生誕:延喜3年903年生まれ(通説)(890年代とする説あり)

死没:天慶3年940年2月14日

桓武天皇の5世の孫

本拠地:下総国猿島郡、豊田郡(現在の茨城県南西部坂東市など)

祖父の平高望(高望王)は、臣籍降下して「平」姓を名乗った初代。

父:平良将(たいらのよしまさ 平高望の三男 下総国佐倉(しもうさのくにさくら)の領主)(平良持とする史料もあり)

母:県犬養春枝女

妻:正室・平真樹の娘 側室・藤原村雄の娘 他、君の御前、平良兼の娘・良子(詳細は不明)

子:良門、景遠、千代丸、五月姫、春姫、如蔵尼 (子についての明確な史料は残っていない。

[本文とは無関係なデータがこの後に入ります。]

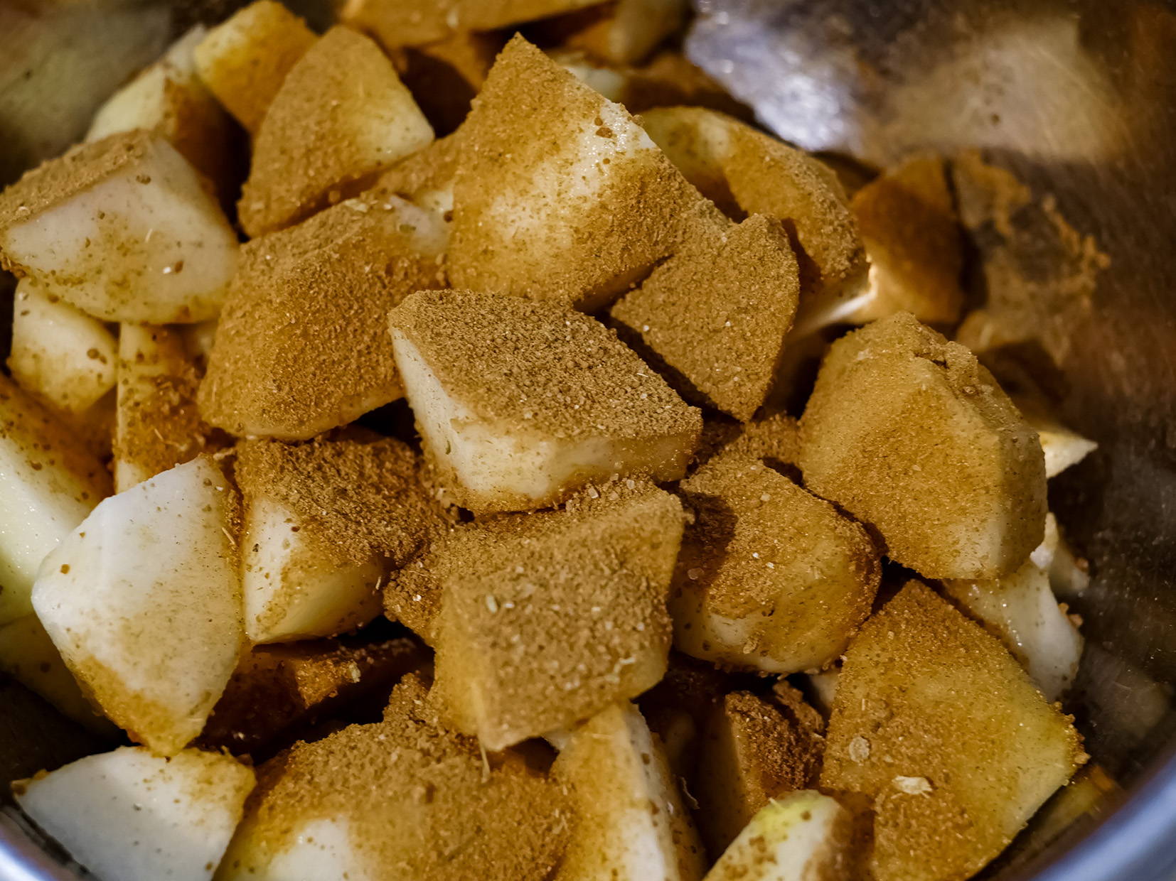 - ②ボウルにチャイシュガーを入れ混ぜ、洋ナシを加えて全体にまぶす。
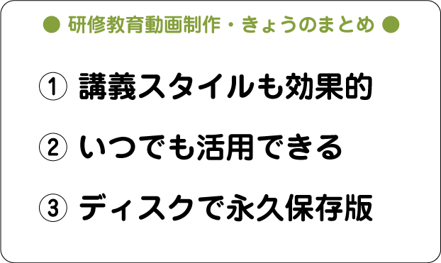 このように、研修用の動画を撮影収録し、DVDにまとめておくとさまざまな活用方法があり、その後の展開幅をさらに広げることができます。
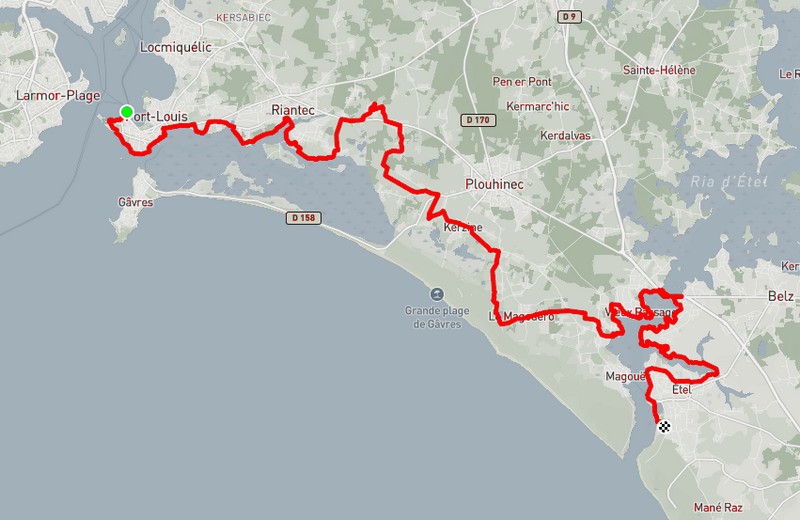 Le 1er jour je suis parti de Port-louis pour rejoindre Etel, soit 33,6 km.
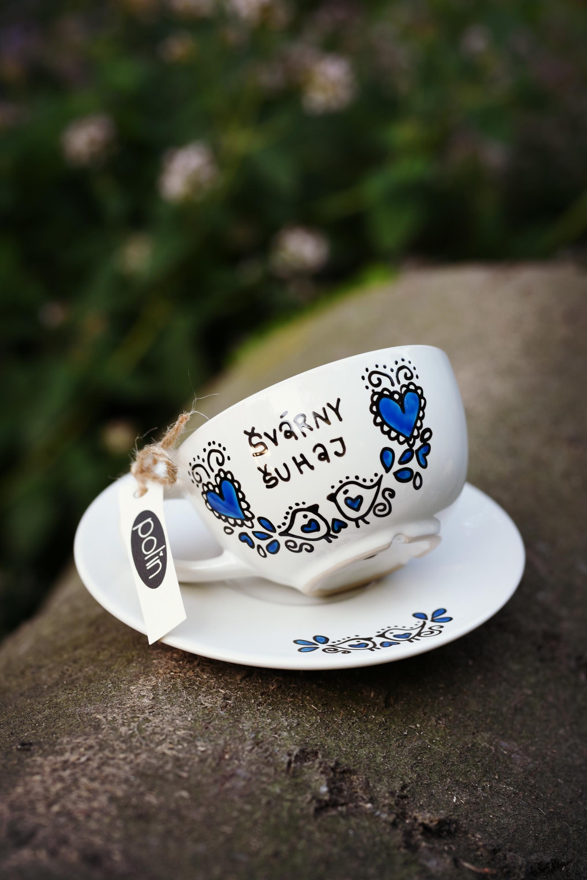 Keramická šálka s podšálkou, ručne maľovaná autorským vzorom od Polin.

)

兄弟:文書により様々あり明確にはわかっていない。(※参照:相関系図)


◾️高望王(たかもちおう)


生没は不祥。

桓武天皇のひ孫。臣籍降下して「平」姓を賜る。桓武平氏の祖。高望流平氏の初代。

平高望(たいらのたかもち)

上総国(かずさのくに)国司。

父:葛原(かずらわら)親王

母:橘春成の娘

子:国香、良兼、良将、良繇(よしのり・良茂とも)、良文、良広、良持(良将?)、良正、藤原維幾室(子については、史料により異なり不明の点も多い。)(※参照:相関系図)



 

◼️第1部 「将門記」からみる平将門の生涯

将門の前半生はほぼ不明


父・良将(よしまさ)は、おそらく京都で生まれ、父(将門の祖父)の高望王(平高望)が東国に下る際に、共に下向したという。

良将は、当時の慣例に沿って地元の有力豪族に婿として入り、名は「平」を名乗った。

子も父の名を名乗るので、良将の子である将門は「平」姓を名乗った。

将門は、京の貴族と地方豪族の娘との間に生まれたため、京の文化と地方の生活と、双方を身につけて育ったと思われる。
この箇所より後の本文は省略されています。